• DATA EXTRACT:
........

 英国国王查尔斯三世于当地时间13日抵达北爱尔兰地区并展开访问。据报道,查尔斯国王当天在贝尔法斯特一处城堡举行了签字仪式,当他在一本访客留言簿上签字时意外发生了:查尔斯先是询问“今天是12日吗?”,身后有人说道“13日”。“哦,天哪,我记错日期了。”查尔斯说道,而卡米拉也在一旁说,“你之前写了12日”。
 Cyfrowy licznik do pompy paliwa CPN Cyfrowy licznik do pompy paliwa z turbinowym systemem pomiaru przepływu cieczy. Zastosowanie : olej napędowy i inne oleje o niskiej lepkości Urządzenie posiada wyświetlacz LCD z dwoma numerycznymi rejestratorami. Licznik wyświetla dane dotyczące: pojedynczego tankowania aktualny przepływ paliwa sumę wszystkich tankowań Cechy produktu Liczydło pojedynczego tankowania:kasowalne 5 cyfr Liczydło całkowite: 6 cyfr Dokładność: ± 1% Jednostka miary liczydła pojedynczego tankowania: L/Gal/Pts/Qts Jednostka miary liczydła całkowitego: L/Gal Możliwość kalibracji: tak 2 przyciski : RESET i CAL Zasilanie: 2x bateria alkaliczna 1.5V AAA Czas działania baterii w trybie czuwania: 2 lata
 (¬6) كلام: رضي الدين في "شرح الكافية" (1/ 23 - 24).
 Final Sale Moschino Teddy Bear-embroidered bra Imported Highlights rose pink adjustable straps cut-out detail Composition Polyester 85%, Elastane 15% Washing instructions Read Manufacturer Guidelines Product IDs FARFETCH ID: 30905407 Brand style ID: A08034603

........

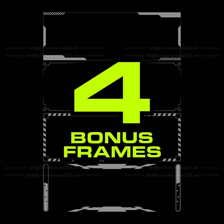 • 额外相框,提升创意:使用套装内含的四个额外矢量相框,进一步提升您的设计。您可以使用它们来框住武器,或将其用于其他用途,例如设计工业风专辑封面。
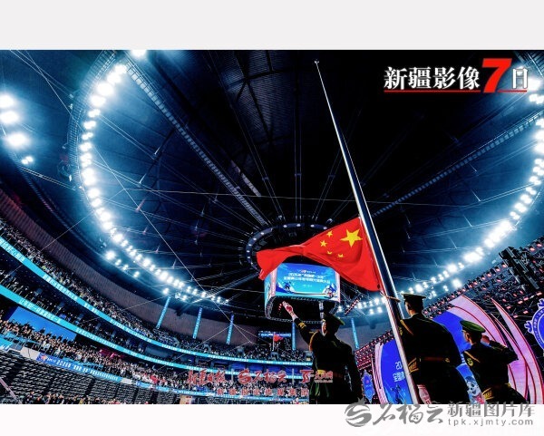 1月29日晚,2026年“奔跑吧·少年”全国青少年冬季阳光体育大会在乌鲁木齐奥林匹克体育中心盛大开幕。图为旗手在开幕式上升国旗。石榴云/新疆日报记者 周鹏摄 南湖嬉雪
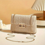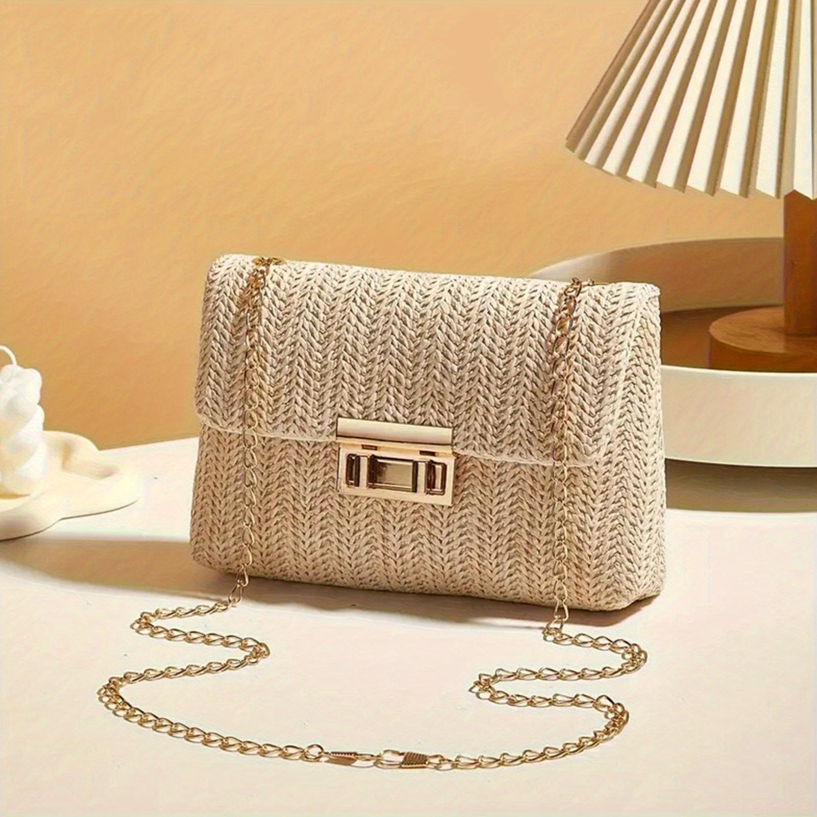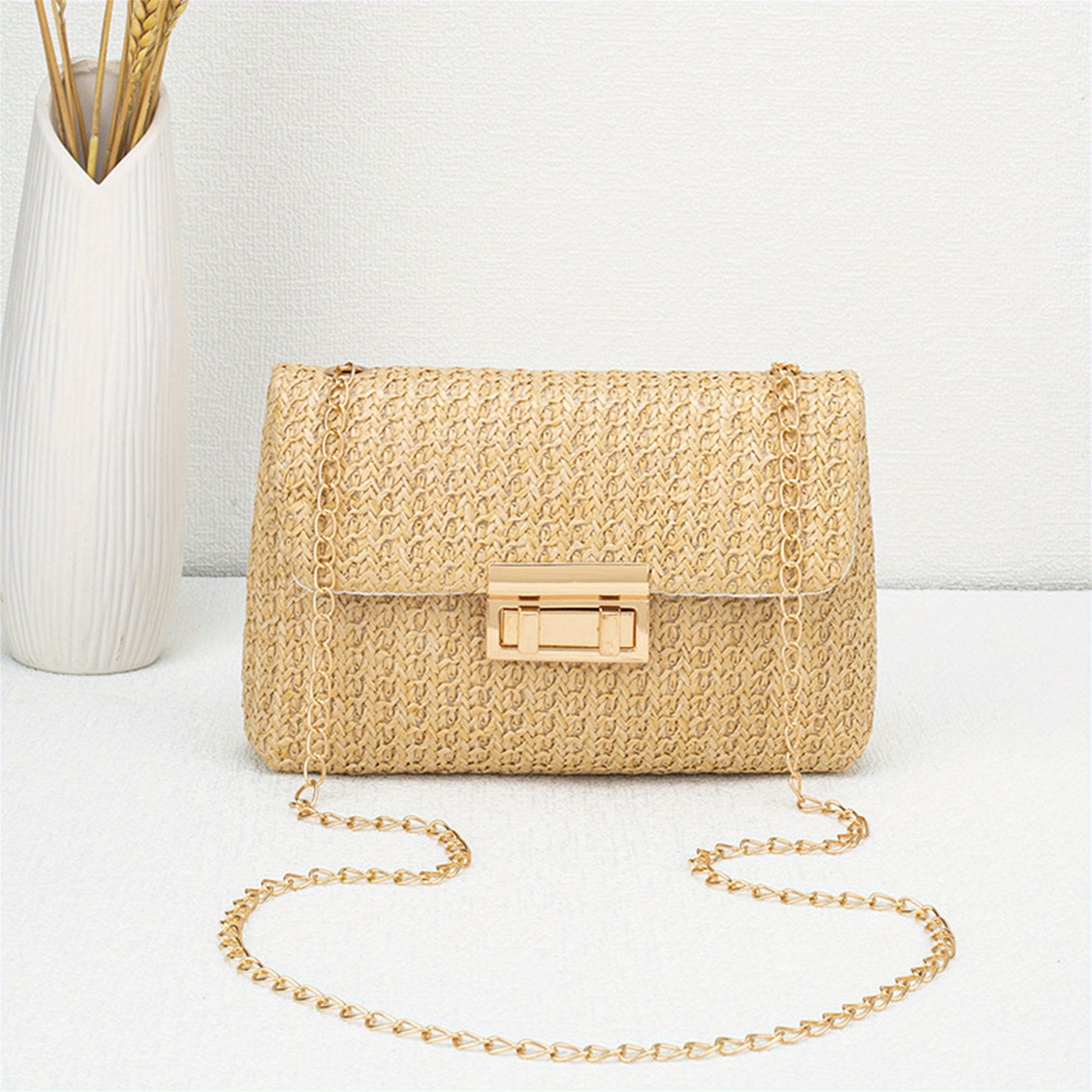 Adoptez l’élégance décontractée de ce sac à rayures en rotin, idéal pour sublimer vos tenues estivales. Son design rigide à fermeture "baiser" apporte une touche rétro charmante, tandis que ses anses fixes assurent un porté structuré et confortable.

........

• TASK DETAILS: Your task is to transcribe, with no changes, only the lines of the listing above that lie between the line holding "Cyfrowy licznik do pompy paliwa CPN" and the line holding "(¬6) كلام: رضي", inclusive.

• RESULT OF THIS EXERCISE:
 Cyfrowy licznik do pompy paliwa CPN Cyfrowy licznik do pompy paliwa z turbinowym systemem pomiaru przepływu cieczy. Zastosowanie : olej napędowy i inne oleje o niskiej lepkości Urządzenie posiada wyświetlacz LCD z dwoma numerycznymi rejestratorami. Licznik wyświetla dane dotyczące: pojedynczego tankowania aktualny przepływ paliwa sumę wszystkich tankowań Cechy produktu Liczydło pojedynczego tankowania:kasowalne 5 cyfr Liczydło całkowite: 6 cyfr Dokładność: ± 1% Jednostka miary liczydła pojedynczego tankowania: L/Gal/Pts/Qts Jednostka miary liczydła całkowitego: L/Gal Możliwość kalibracji: tak 2 przyciski : RESET i CAL Zasilanie: 2x bateria alkaliczna 1.5V AAA Czas działania baterii w trybie czuwania: 2 lata
 (¬6) كلام: رضي الدين في "شرح الكافية" (1/ 23 - 24).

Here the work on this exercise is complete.